Postmortems cite "we should have caught this earlier in the rollout." This is the canonical finding. The rollout was the right structure; the detection during the rollout was not.

Change failure rate is being measured per deploy but not per flip. If the CFR metric only counts code deploys, the team is underreporting production change failures. Verification across both deploys and flips produces a fuller number.

Increasing complexity of flag-conditional code paths. As flag count grows, the chance that two flag arms interact unexpectedly grows. Verification that compares cohorts can catch these interactions before they become incidents.

For teams that lean heavily on flags as a default rollout pattern, verification is the natural next layer. Together, the stack is: flags to limit blast radius, verification to detect regressions during the rollout, observability to feed both, incident management to coordinate response when needed.

Where to start

  • Keep LaunchDarkly for the rollout mechanism. Verification does not replace feature management; it adds the detection layer on top.
  • Audit which flag-gated rollouts have regressed in the last quarter. For each, ask: at what rollout percentage was the regression detected? What would the impact have been if it had been detected at 5% rather than 50%? The answers map the value of per-arm verification for the team.
  • Confirm flag metadata flows to telemetry.

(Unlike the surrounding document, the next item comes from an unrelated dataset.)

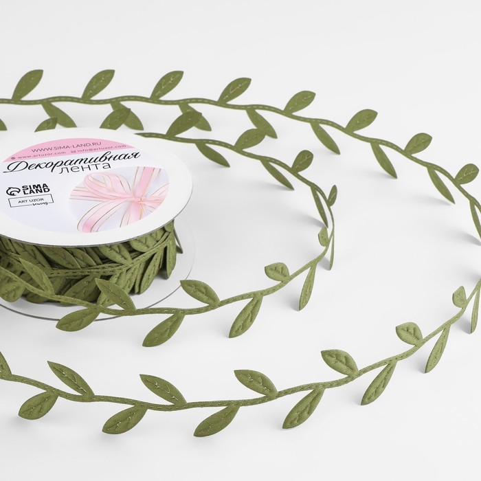 Лента фигурная «Листья», 25 мм, 9 ± 0,5 м, цвет зелёный

Per-arm verification requires that telemetry is tagged with flag state. Most teams do this partially; an audit before piloting verification will surface gaps.
  • Pilot on one flag-heavy service. A two-to-four-week pilot of deploy verification on a service that uses flags actively produces meaningful per-arm signal and gives the team a clear sense of fit. See What is a progressive rollout? and How to evaluate deploy verification tools.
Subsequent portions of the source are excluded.